Propaganda tem regras específicas
As regras de propaganda, segundo Ricardo, permanecem em grande parte semelhantes às aplicadas nas eleições municipais de 2024. Caminhadas, carreatas, carros de som e jingles continuam permitidos dentro dos limites estabelecidos. Já os showmícios, com a participação de artistas para promover candidaturas, não são autorizados e podem configurar abuso de poder econômico ou político.
A distribuição de materiais exige cautela. Camisas, bonés, chaveiros, óculos e pulseiras podem ser usados por equipes identificadas de campanha, mas a entrega indiscriminada a eleitores pode caracterizar compra de votos. Fachadas de comitês não podem ultrapassar quatro metros quadrados, e adesivos no vidro traseiro de veículos são limitados a meio metro quadrado.
Celular não entra na cabine
O eleitor não pode levar o celular para a cabine nem utilizá-lo para registrar ou comprovar o voto. O aparelho deve ser deixado no local indicado pela equipe responsável, medida que preserva o sigilo e impede pressão ou compra de votos.
Cuidado com as doações de campanha
Na área financeira, a principal orientação é observar a origem dos recursos e os limites de doação. Empresas privadas não podem fazer doações; as contribuições devem ser feitas por pessoas físicas dentro da capacidade fiscal e financeira de cada doador. Os dados podem ser cruzados com outras bases, e a doação acima do limite pode resultar na devolução integral do valor e em outras sanções. A vaquinha eleitoral é permitida, desde que respeite as regras de transparência.
Moura afirmou que candidatos precisam manter documentos e comprovantes de despesas. A prestação de contas continua após a votação, e candidaturas eleitas e não eleitas devem comprovar a origem e a aplicação dos recursos. Falhas podem gerar processos e multas, independentemente do resultado nas urnas.
Cota de gênero
A participação feminina também foi abordada. A legislação estabelece que cada gênero deve ocupar no mínimo 30% e no máximo 70% das candidaturas. O advogado lembrou que as mulheres representam aproximadamente 54% do eleitorado brasileiro, mas ainda não alcançam essa proporção entre os candidatos.

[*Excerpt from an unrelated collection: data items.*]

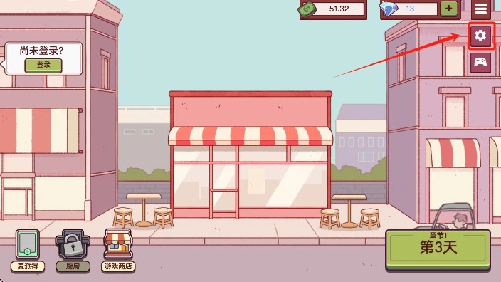 1、在本平台安装可口的比萨国际服游戏,启动游戏进入主界面后,点击右上角的齿轮形状图标
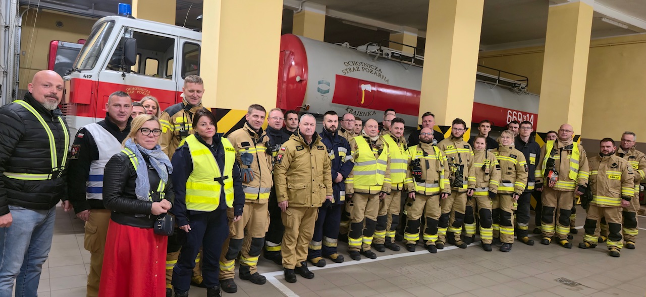 Organizatorzy przygotowali realistyczny scenariusz – zadymione pomieszczenia, konieczność ewakuacji osób z różnych części obiektu oraz dynamicznie zmieniające się warunki działań. Dzięki temu uczestnicy mogli zmierzyć się z sytuacją zbliżoną do realnego zagrożenia, wymagającą sprawnego podejmowania decyzji i skutecznej komunikacji.
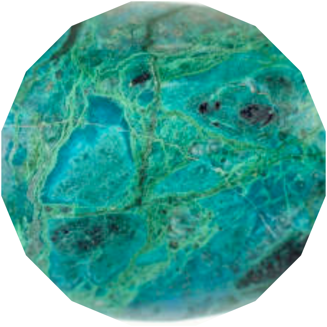 Chrysocolla is a copper-rich gemstone known for lagoon blues and sea-green tones, often marbled with darker veining or mingled with malachite. Its naturally silky, matte-to-satin finish gives a soft glow; when the material is more silicated, it takes a brighter polish while keeping that tranquil color.
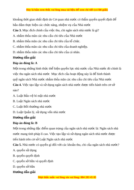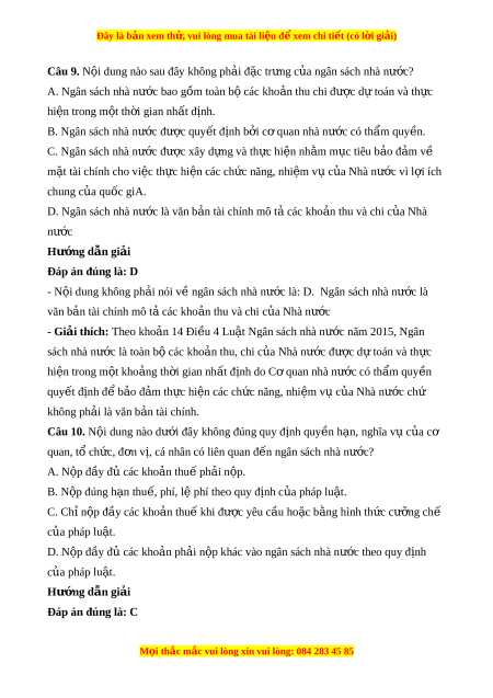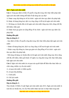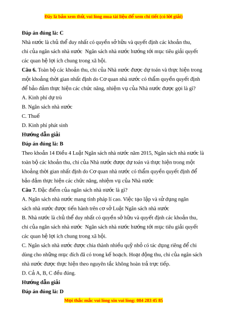 Đây là bản xem th , vu ử i lòng mua tài li u ệ đ xe ể m chi ti t ế (có l i ờ gi i ả ) Đáp án đúng là: C Nhà nư c l ớ à chủ thể duy nh t ấ có quy n ề s h ở u ữ và quy t ế đ nh các kho ị n ả thu, chi c a ủ ngân sách nhà nư c ớ Ngân sách nhà nư c h ớ ư ng ớ t i ớ m c t ụ iêu gi i ả quy t ế các quan hệ l i ợ ích chung trong xã h i ộ . Câu 6. Toàn b các ộ kho n t ả hu, chi c a ủ Nhà nư c ớ đư c d ợ ự toán và th c hi ự n t ệ rong m t ộ kho ng ả th i ờ gian nh t ấ đ nh do C ị quan nhà n ơ ư c có t ớ h m ẩ quy n quy ề t ế đ nh ị đ b ể o ả đ m ả th c ự hi n các ệ ch c năng, ứ nhi m ệ v c ụ a ủ Nhà nư c ớ đư c g ợ i ọ là gì? A. Kinh phí d t ự rù B. Ngân sách nhà nư c ớ C. Thuế D. Kinh phí phát sinh Hư ng d ớ ẫn gi i ả Đáp án đúng là: B Theo kho n 14 Đ ả i u ề 4 Lu t
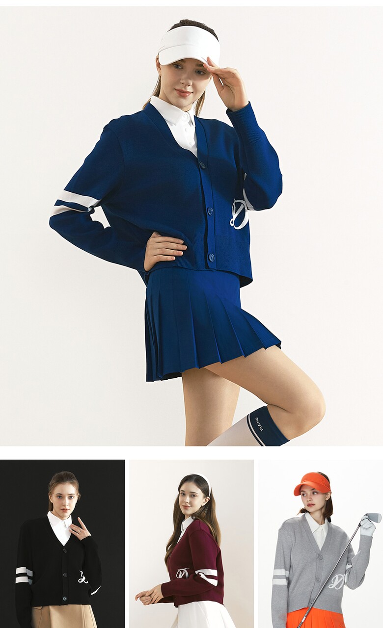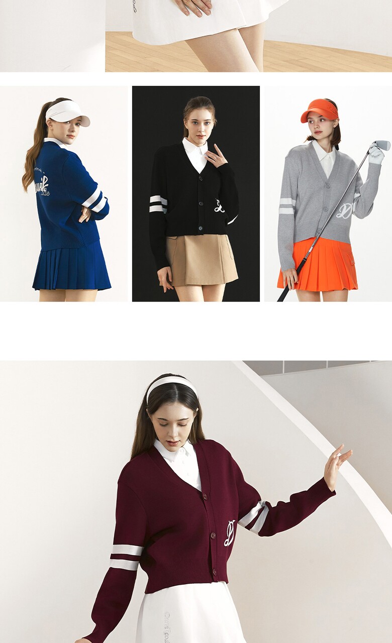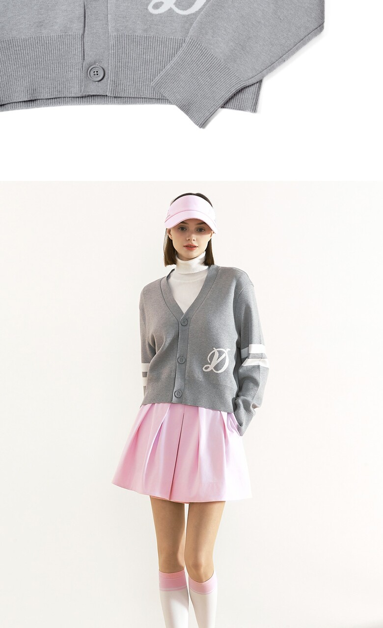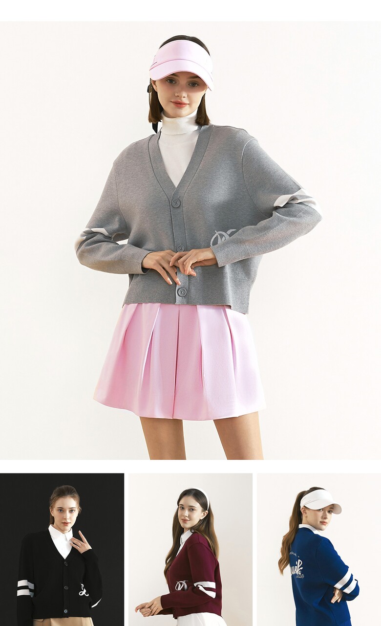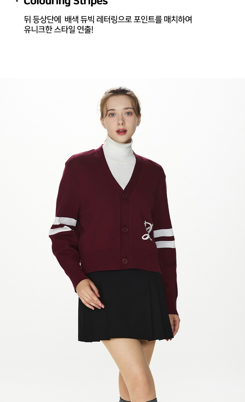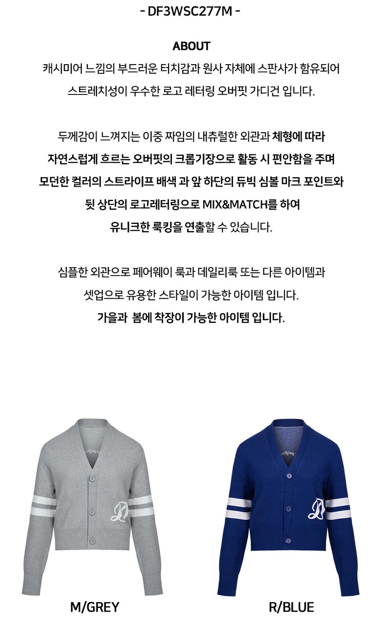 듀빅 여성 로고 레터링 배색 오버핏 가디건 DF3WSC277
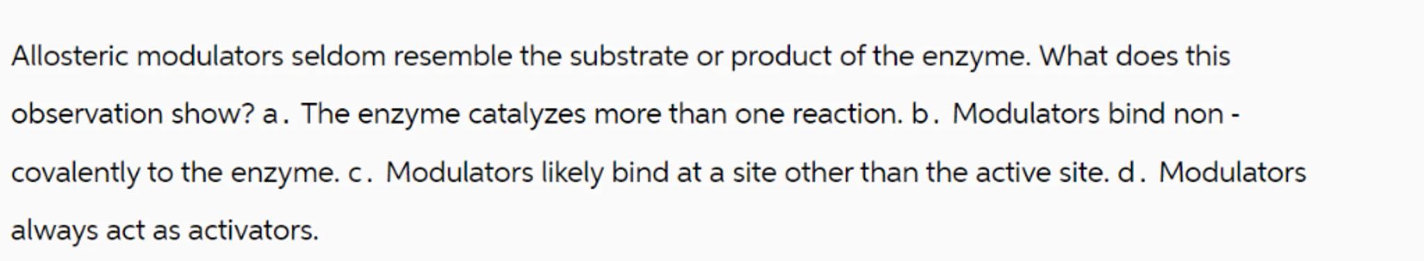 Allosteric modulators seldom resemble the substrate or product of the enzyme. What does this observation show? a. The enzyme catalyzes more than one reaction. b. Modulators bind non covalently to the enzyme. c. Modulators likely bind at a site other than the active site. d. Modulators always act as activators.
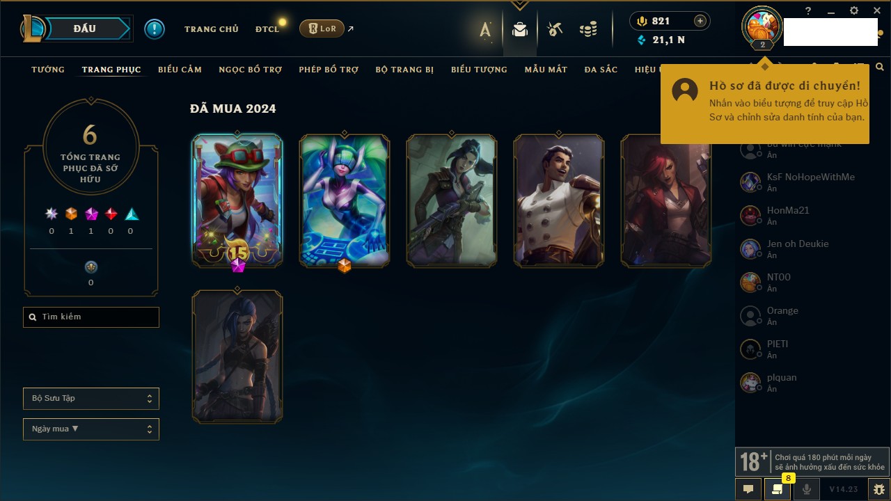 Rank Đơn: Chưa RankKhung: Chưa có khungTướng: 55 - Còn 6150 THXTrang Phục: 33Rank ĐTCL: Chưa RankLinh Thú: 9
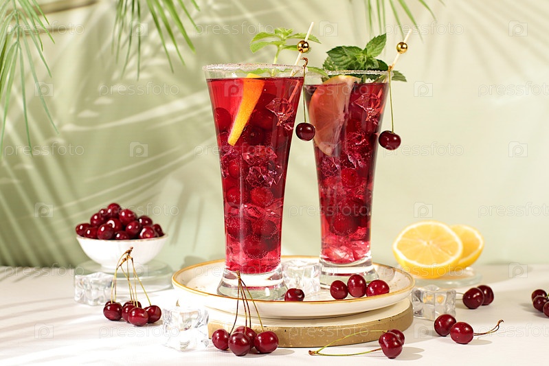 Сангрия или коктейль с мятой, вишней, газировкой, лимоном и льдом, меню ресторана и бара, освежающий рецепт летних и осенних напитков, детоксикационная диета и концепция похудения, холодная домашняя лимонада
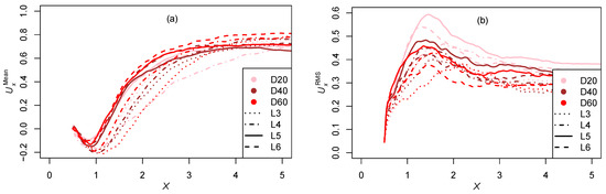 Figure 5 shows changes in the mean streamwise velocity , the root mean square (RMS) of the streamwise , the cross-stream , and the spanwise velocities, recorded between the downstream edge of the cylinder () to . As expected, convergence can be mainly observed in Figure 5a–c, where the dotted and dotted-dashed lines (L3 and L4) differ more from L5 and L6. The narrowness of the mesh seems to have stronger effects in the spanwise direction Figure 5d, where the flow disturbances also converge but to a different curve, depending on the depth of the array. So, it can be deduced that the flow is more restricted along the z-axis for the narrowest arrays, which could cause the lower variations observed. In turn, the RMS of the streamwise direction Figure 5b shows some discrepancies of about dimensionless units between and , when passing from D40L5 and D60L5 to D40L6 and D60L6. Although it is a relatively small difference, we did not find a clear physical-computational cause for this effect, so it could also be associated with narrowness, as suggested by other authors, for example those mentioned in Section 3.1.2.
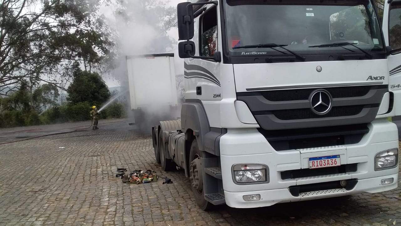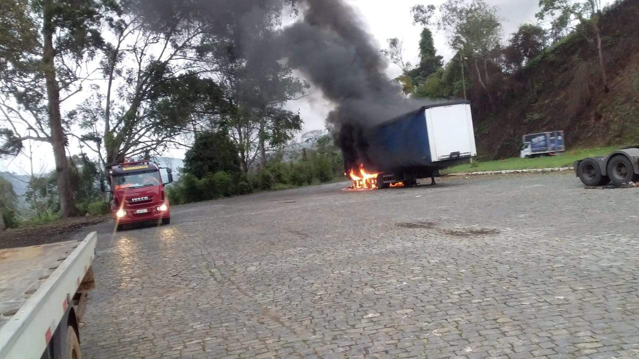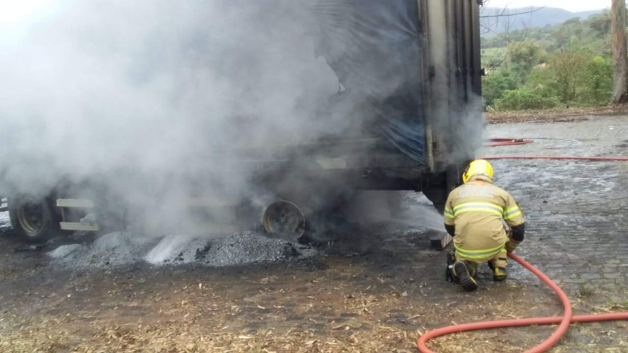 A equipe dos Bombeiros conseguiu extinguir o fogo. A princípio, o incêndio teve início nas rodas traseiras do semirreboque, atingindo parte da carroceria.
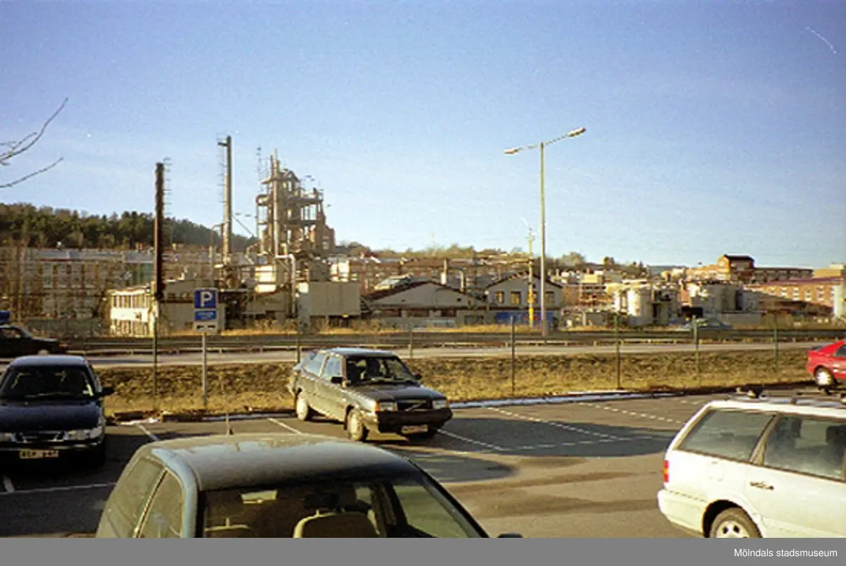 Byggnadsdokumentation av Akzo Nobel på Ågatan 44 i Lackarebäck, 2000-02-15. Fasader mot öster. Krokslätts fabriker skymtar i bakgrunden.
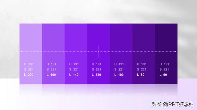 保持颜色的色调、饱和度不变,然后通过改变颜色的亮度数值,来获得不同亮度层级的颜色搭配。
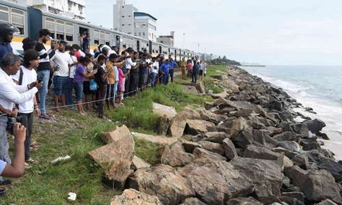 People take photos of a southern elephant seal in the coastal area of capital Colombo in Sri Lanka, Dec. 9, 2019. (Photo by Gayan Sameer/Xinhua)
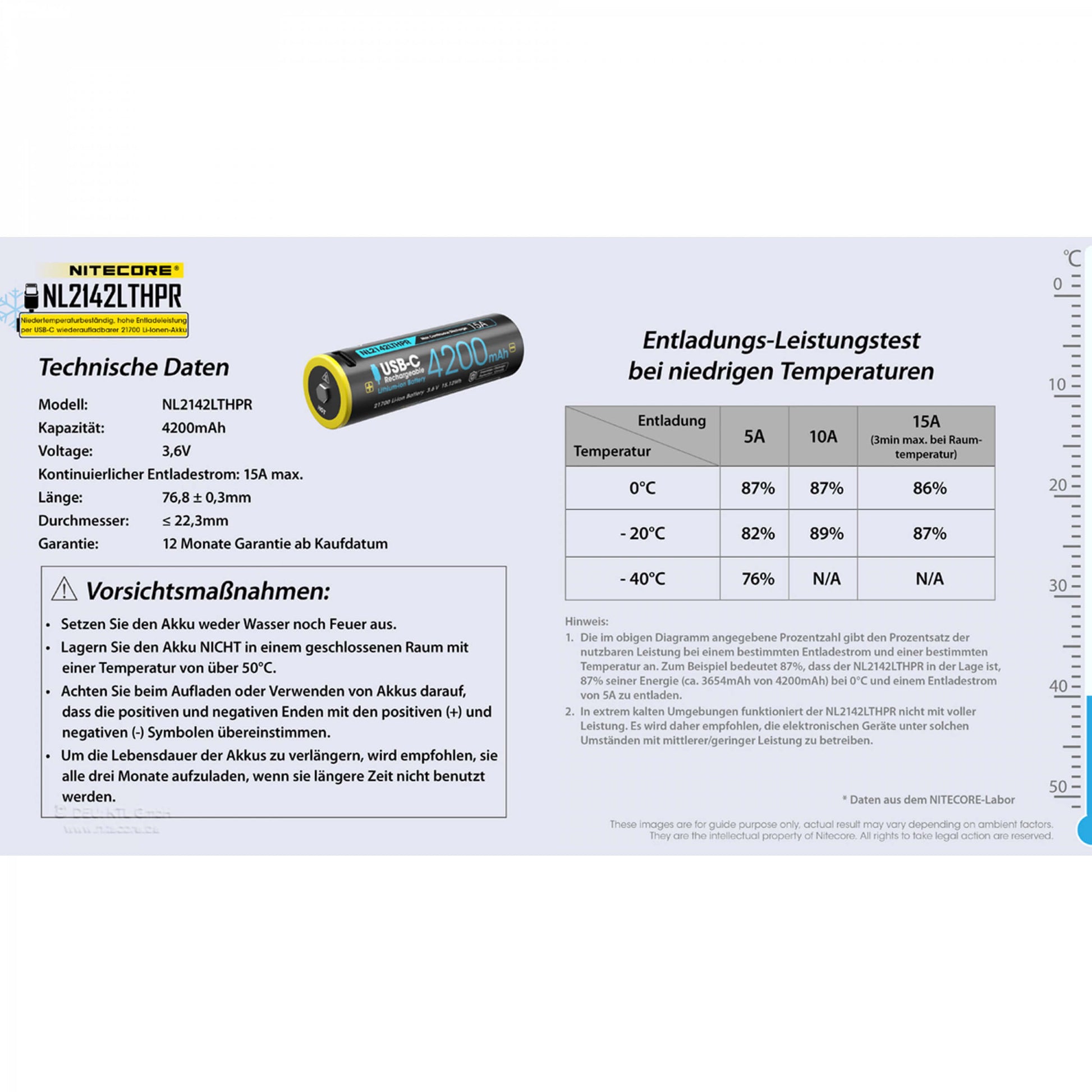 Der Nitecore Li-Ion Akku Typ 21700 NL2142LTHPR hat eine Kapazität von 4200mAh und ist temperaturfest bis -40°C.  Bei -40°C behält dieser Akku noch ca. 76% seiner Kapazität und ist somit die ideale Stromquelle für Ihre Taschenlampe in der kalten Jahreszeit.

Ele alertou para as chamadas candidaturas fictícias, registradas apenas para cumprir a cota e permitir o acesso do partido aos recursos eleitorais.
Quando uma candidatura não apresenta atividade efetiva e há indícios de desvio de recursos para candidaturas masculinas, o caso pode ser investigado pela Justiça Eleitoral. As consequências podem incluir cassação e inelegibilidade. As obrigações jurídicas continuam mesmo sem a conquista de uma vaga.
Aplicativo recebe denúncias
Outro instrumento de fiscalização é o aplicativo Pardal, pelo qual o eleitor pode denunciar compra de votos, propaganda irregular e outras condutas proibidas. Fotografias e vídeos devem ser claros e permitir a identificação do fato e dos envolvidos. Denúncias sem informações suficientes podem ser arquivadas. Moura também alertou para denúncias falsas produzidas com inteligência artificial, que podem gerar notificações indevidas e dificultar o trabalho da fiscalização.
Pós-eleição
Ao tratar das candidaturas, Ricardo lembrou que o fim da votação não encerra as responsabilidades jurídicas. Candidatos podem continuar respondendo a processos relacionados à campanha, à prestação de contas e ao uso de recursos públicos. Participar da disputa exige planejamento, documentação e conhecimento das normas, mesmo sem a conquista de uma vaga.
Ao final da conversa, o advogado colocou-se à disposição da emissora para acompanhar o calendário eleitoral em curso e prestar novos esclarecimentos. A recomendação deixada aos eleitores foi consultar fontes oficiais, confirmar com antecedência o local de votação, desconfiar de conteúdos compartilhados sem comprovação e exercer o voto com atenção e responsabilidade.